3.2 Insurance loss model

Storm loss (catastrophe) models determine the windstorm risk to residential and commercial buildings by relating wind speed to building damage (Palutikof and Skellern, 1991; Dorland et al., 1999; Gliksman et al., 2023), usually by implementing statistical modeling. As for storm severity indices, the maximum daily wind gust speed is assumed to be the most relevant factor in these models (Dorland et al., 1999; Klawa and Ulbrich, 2003; Donat et al., 2011; Koks and Haer, 2020) and is used as the basis for the hazard component. The building damage data are usually represented using so-called loss ratios, which are the amount of insured loss occurring per district divided by the corresponding sum of the insured value (Klawa and Ulbrich, 2003; Prahl et al., 2015). For the relationship between wind and damage, also referred to as damage functions, various formulations exist in the literature (see Prahl et al., 2015, for a detailed overview). These damage functions aim at describing the non-linear relation between storm intensity and actual (monetary) damage. Typically used damage functions range from exponential to power law to excess-over-threshold formulations.
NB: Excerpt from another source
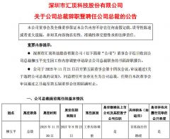 2025 年 11 月 22 日,深圳市汇顶科技股份有限公司(证券代码:603160,证券简称:汇顶科技)发布公告,宣布公司总裁人事调整事宜:原总裁柳玉平先生因工作内容调整申请辞职,公司董事会审议通过聘任叶金春先生为新任总裁,确保公司经营管理工作平稳衔接。…详情>>

3.2.1 Aon Impact Forecasting European Windstorm Model

In our study, we use the European Windstorm Model of Aon Impact Forecasting (Aon's IF Euro WS model), which is implemented in ELEMENTS, Aon's loss modeling platform (Aon, 2023b). The model covers 22 countries in western, northern and central Europe. The aim of this catastrophe model is to provide a quantification of financial losses from windstorm risk in Europe. The model consists of three main components, namely hazard, vulnerability and exposure, as well as a financial part (see Supplement Sect. S1).

The hazard component has two parts: a historical and a stochastic event set. The historical event set comprises 26 historical storms (see Supplement Table S1; Born et al., 2012), based on wind gust footprints built from weather station data. The stochastic event set covers 4731 years of simulated events (Karremann et al., 2014a). The stochastic events represent physically consistent storm events and are based on outputs of the ECHAM5 global climate model (Jungclaus et al., 2006). A combination of dynamical downscaling and statistical downscaling (Haas and Pinto, 2012) is used to produce the final high-resolution stochastic event set that is implemented in Aon's IF Euro WS model.

The exposure component typically uses a combination of Aon's client data and the PERILS industry exposure database. The component comprises five lines of business: residential, commercial, industrial, agricultural, motor and forestry (only Norway, Sweden and Finland). For our study, we only use the PERILS data for 2022 for the exposure.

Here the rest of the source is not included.